(TASK STATEMENT): Would you please output all the records exactly as given? Pictures should not appear in the copy.

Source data

= = = = = = =

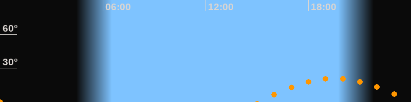 | Untergang | 23:59 Uhr im Südwesten (αAz = 240,9°) |
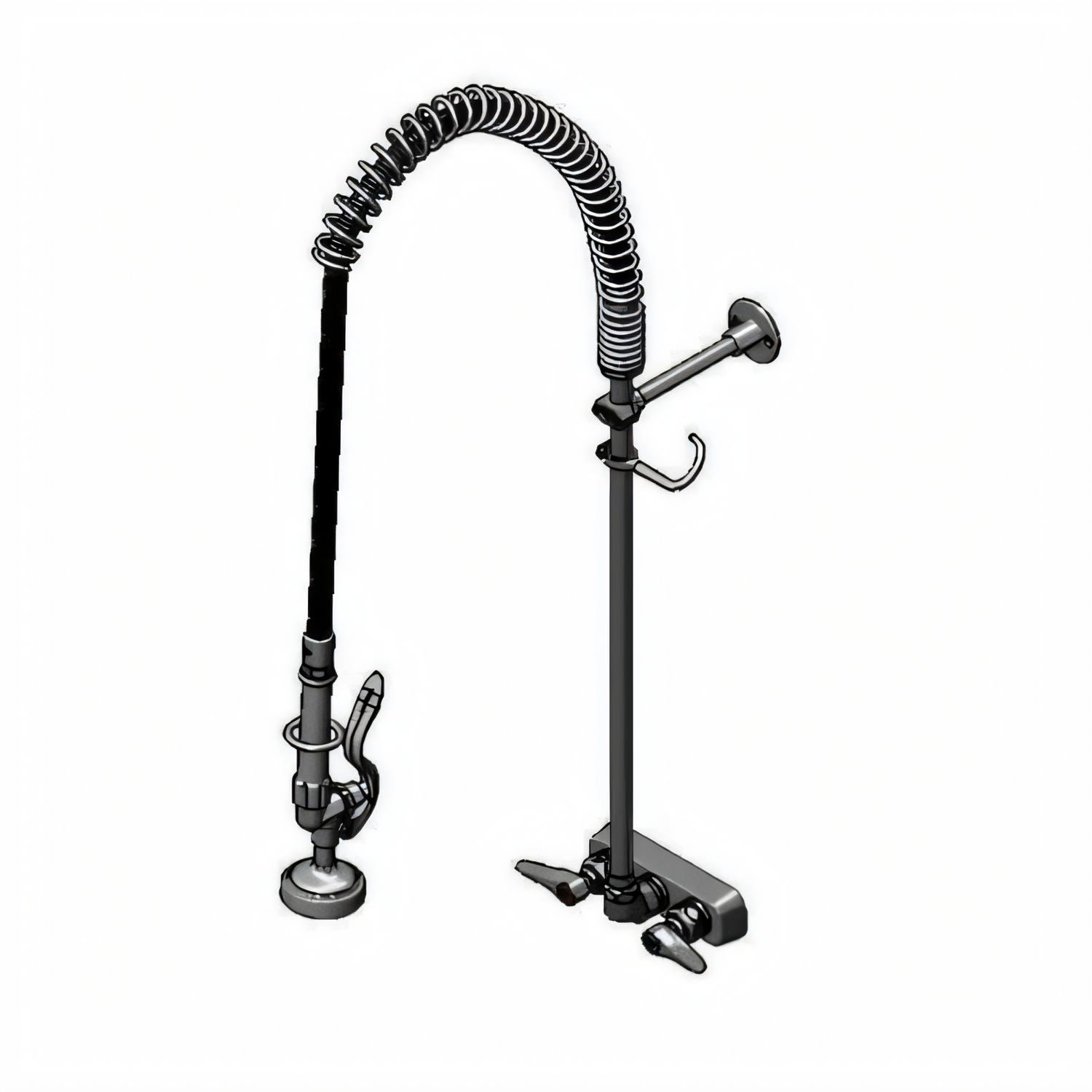 EasyInstall Workboard Pre-Rinse Unit, wall mount mixing faucet, 4" center, spring action gooseneck, 1.15 GPM spray valve (B-0107), 22" riser, 44" flexible stainless steel hose, 6" wall bracket, 1/2" NPT male inlets, lever handles, quarter-turn Eterna cartridges, low lead, 2019 DOE PRSV - Class II
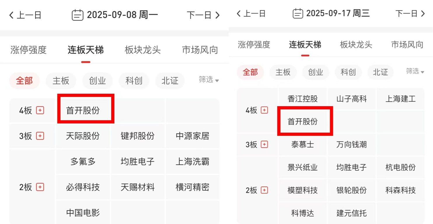 第一、二点都很好理解,像九月份来看两周的最高连板都是首开股份 ,那么首开股份在这两周内都是很明显的前排,这时即使9.17这天同身位还有不少连板股,比如山子高科 、上海建工 、香江控股 ,但我们再按这个原则往下看就会发现。
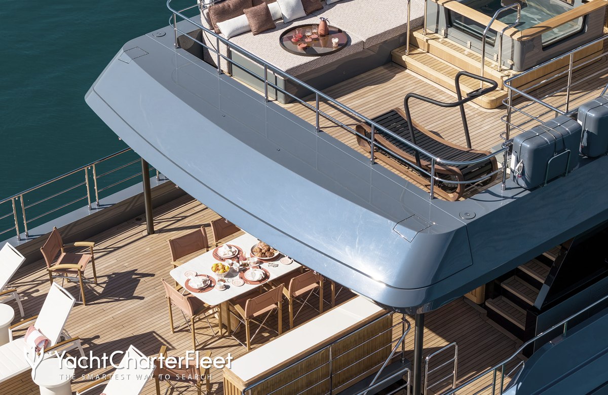 Built with a steel hull and aluminium superstructure, she offers greater on-board space and is more stable when at anchor thanks to her full-displacement hull. Powered by twin Caterpillar engines, she comfortably cruises at 10 knots, reaches a maximum speed of 13 knots with a range of up to 3,960 nautical miles from her 41,866 litre fuel tanks at cruising speed.
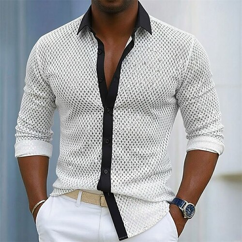 Per uomo Grafico Geometrico Blocco di colori Maglia Henley a nido d'ape Stile casual Stile classico Manica Lunga Moda Designer Essenziale Casuale Quotidiano All'aperto Primavera Primavera Autunno

= = = = = = =

(EXERCISE ANSWER):
 | Untergang | 23:59 Uhr im Südwesten (αAz = 240,9°) |
 EasyInstall Workboard Pre-Rinse Unit, wall mount mixing faucet, 4" center, spring action gooseneck, 1.15 GPM spray valve (B-0107), 22" riser, 44" flexible stainless steel hose, 6" wall bracket, 1/2" NPT male inlets, lever handles, quarter-turn Eterna cartridges, low lead, 2019 DOE PRSV - Class II
 第一、二点都很好理解,像九月份来看两周的最高连板都是首开股份 ,那么首开股份在这两周内都是很明显的前排,这时即使9.17这天同身位还有不少连板股,比如山子高科 、上海建工 、香江控股 ,但我们再按这个原则往下看就会发现。
 Built with a steel hull and aluminium superstructure, she offers greater on-board space and is more stable when at anchor thanks to her full-displacement hull. Powered by twin Caterpillar engines, she comfortably cruises at 10 knots, reaches a maximum speed of 13 knots with a range of up to 3,960 nautical miles from her 41,866 litre fuel tanks at cruising speed.
 Per uomo Grafico Geometrico Blocco di colori Maglia Henley a nido d'ape Stile casual Stile classico Manica Lunga Moda Designer Essenziale Casuale Quotidiano All'aperto Primavera Primavera Autunno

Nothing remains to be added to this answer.